-- RECORDS PROVIDED --
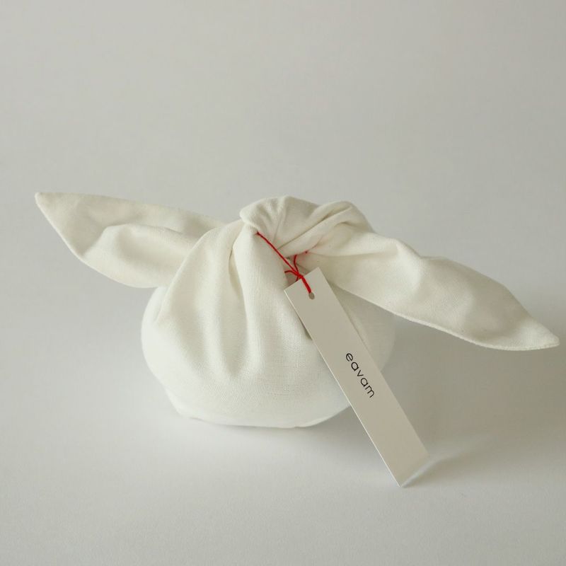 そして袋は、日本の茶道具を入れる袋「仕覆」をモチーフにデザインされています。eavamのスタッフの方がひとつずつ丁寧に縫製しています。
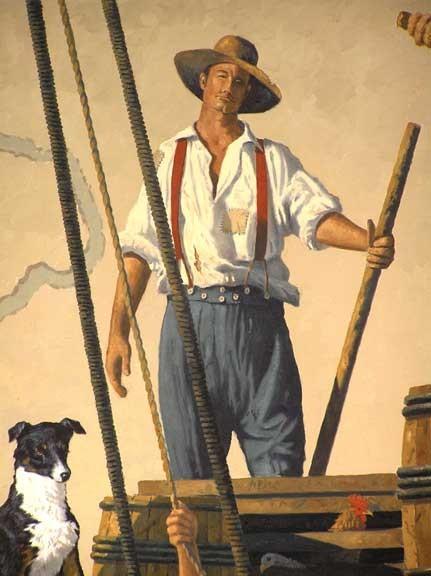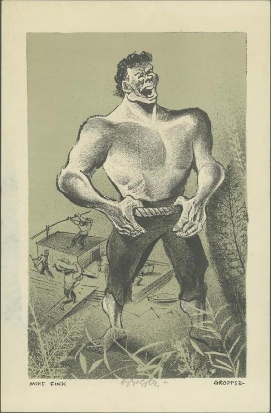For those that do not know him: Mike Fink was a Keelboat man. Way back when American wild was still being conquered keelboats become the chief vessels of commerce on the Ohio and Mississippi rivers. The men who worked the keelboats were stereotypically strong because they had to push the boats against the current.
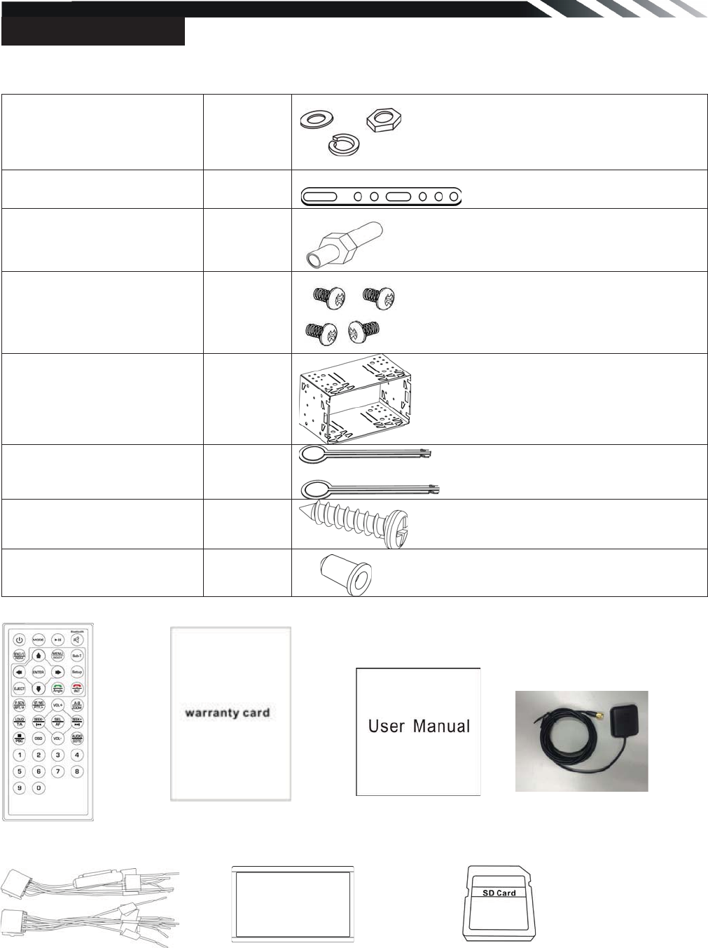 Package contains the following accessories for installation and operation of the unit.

--

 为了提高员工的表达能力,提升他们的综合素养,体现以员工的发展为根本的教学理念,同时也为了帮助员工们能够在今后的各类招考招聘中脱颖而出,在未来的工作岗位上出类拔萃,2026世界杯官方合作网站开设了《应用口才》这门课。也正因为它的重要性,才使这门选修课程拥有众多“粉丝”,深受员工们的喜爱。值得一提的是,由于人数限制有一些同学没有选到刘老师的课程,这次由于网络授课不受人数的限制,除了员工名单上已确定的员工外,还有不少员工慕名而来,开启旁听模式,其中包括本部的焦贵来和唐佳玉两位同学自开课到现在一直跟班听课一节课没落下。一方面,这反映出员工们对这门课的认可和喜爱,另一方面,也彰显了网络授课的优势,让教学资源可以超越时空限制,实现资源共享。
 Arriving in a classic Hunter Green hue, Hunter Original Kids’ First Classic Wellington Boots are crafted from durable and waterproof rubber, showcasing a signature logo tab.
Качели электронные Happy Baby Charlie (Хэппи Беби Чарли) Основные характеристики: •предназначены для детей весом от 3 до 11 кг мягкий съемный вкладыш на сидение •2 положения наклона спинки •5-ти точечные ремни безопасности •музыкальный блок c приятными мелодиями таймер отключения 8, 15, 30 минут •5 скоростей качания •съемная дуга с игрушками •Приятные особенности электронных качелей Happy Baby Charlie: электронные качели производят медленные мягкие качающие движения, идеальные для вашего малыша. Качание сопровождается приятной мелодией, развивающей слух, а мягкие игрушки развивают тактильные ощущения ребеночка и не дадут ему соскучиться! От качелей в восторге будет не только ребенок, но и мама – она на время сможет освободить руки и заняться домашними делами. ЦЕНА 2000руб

...

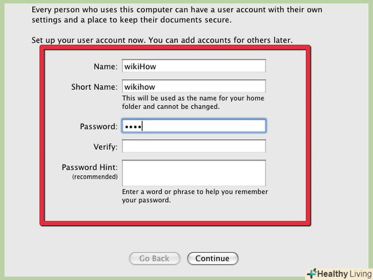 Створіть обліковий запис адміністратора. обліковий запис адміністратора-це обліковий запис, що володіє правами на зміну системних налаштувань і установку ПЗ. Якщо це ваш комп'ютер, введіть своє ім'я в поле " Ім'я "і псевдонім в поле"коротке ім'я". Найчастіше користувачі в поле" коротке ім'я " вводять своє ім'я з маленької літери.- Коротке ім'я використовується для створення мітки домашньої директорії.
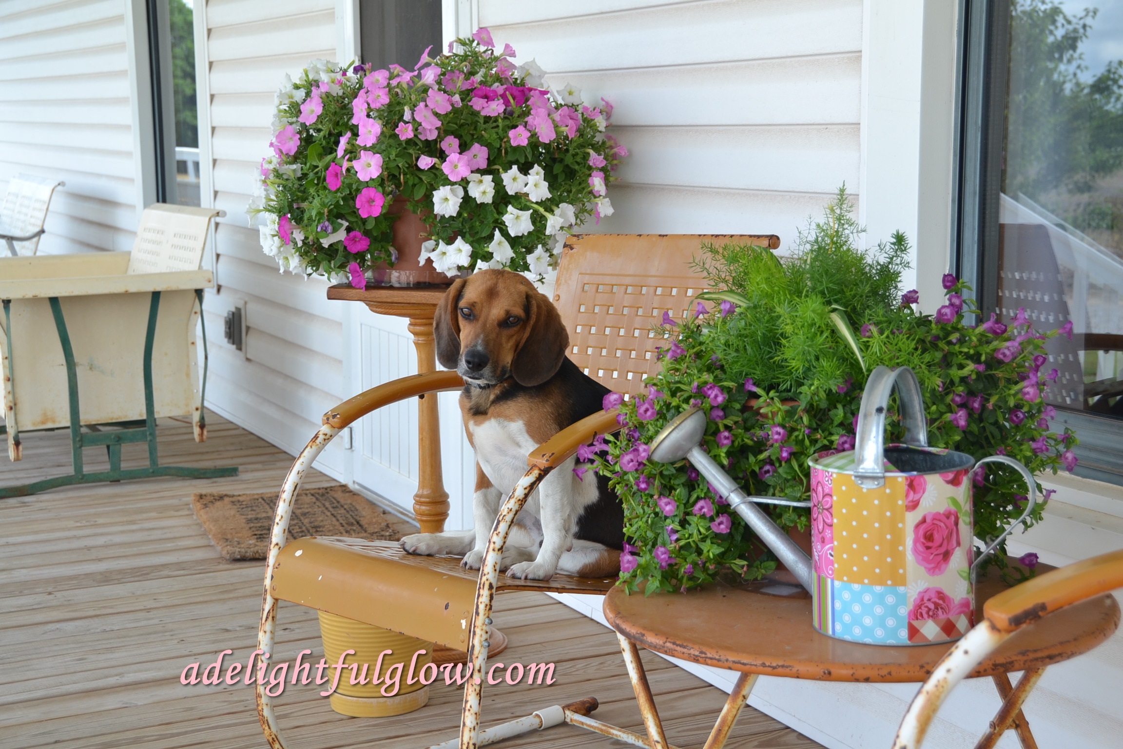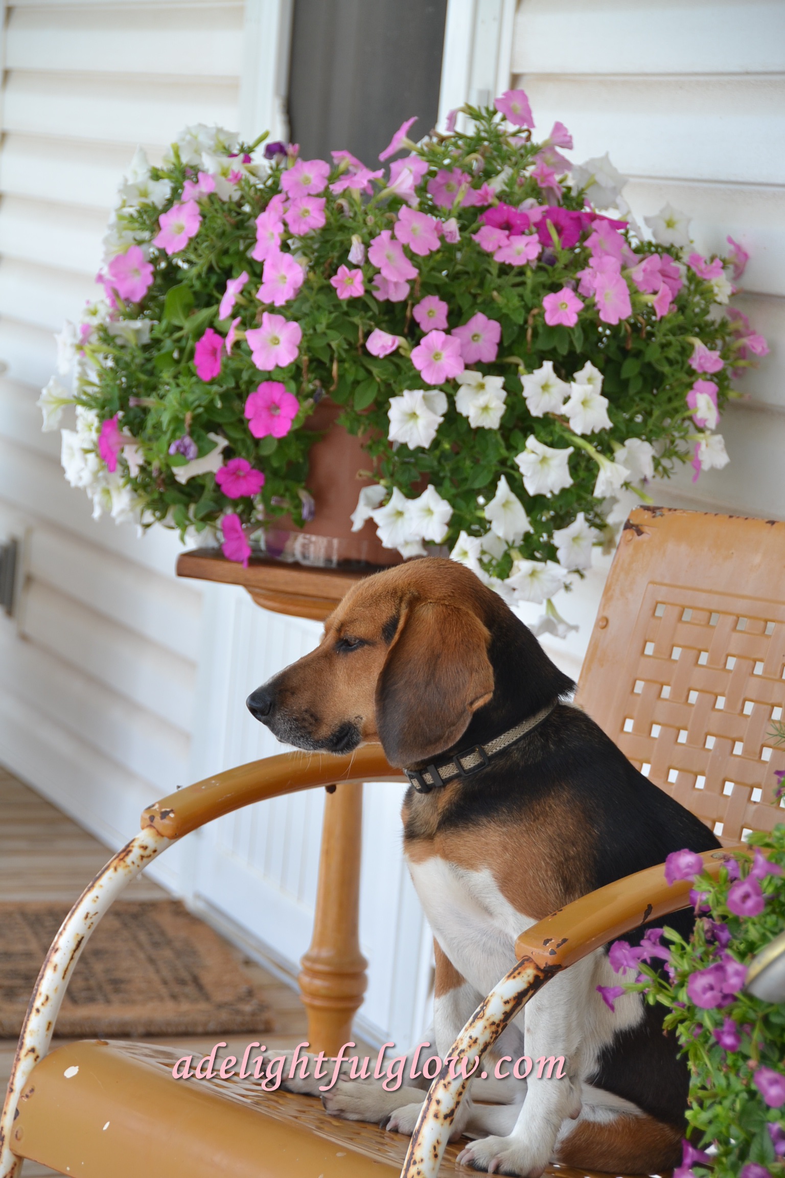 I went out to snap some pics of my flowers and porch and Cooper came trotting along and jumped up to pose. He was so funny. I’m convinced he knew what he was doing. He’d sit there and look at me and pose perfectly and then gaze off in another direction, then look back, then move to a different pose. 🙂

-- YOUR ASSIGNMENT --
Please return the data above exactly as it stands from the line with "そして袋は、日本の茶道具を入" to the line with "Package contains the", keeping both of those lines but none of the pictures.

-- ANSWER BELOW --
 そして袋は、日本の茶道具を入れる袋「仕覆」をモチーフにデザインされています。eavamのスタッフの方がひとつずつ丁寧に縫製しています。
For those that do not know him: Mike Fink was a Keelboat man. Way back when American wild was still being conquered keelboats become the chief vessels of commerce on the Ohio and Mississippi rivers. The men who worked the keelboats were stereotypically strong because they had to push the boats against the current.
 Package contains the following accessories for installation and operation of the unit.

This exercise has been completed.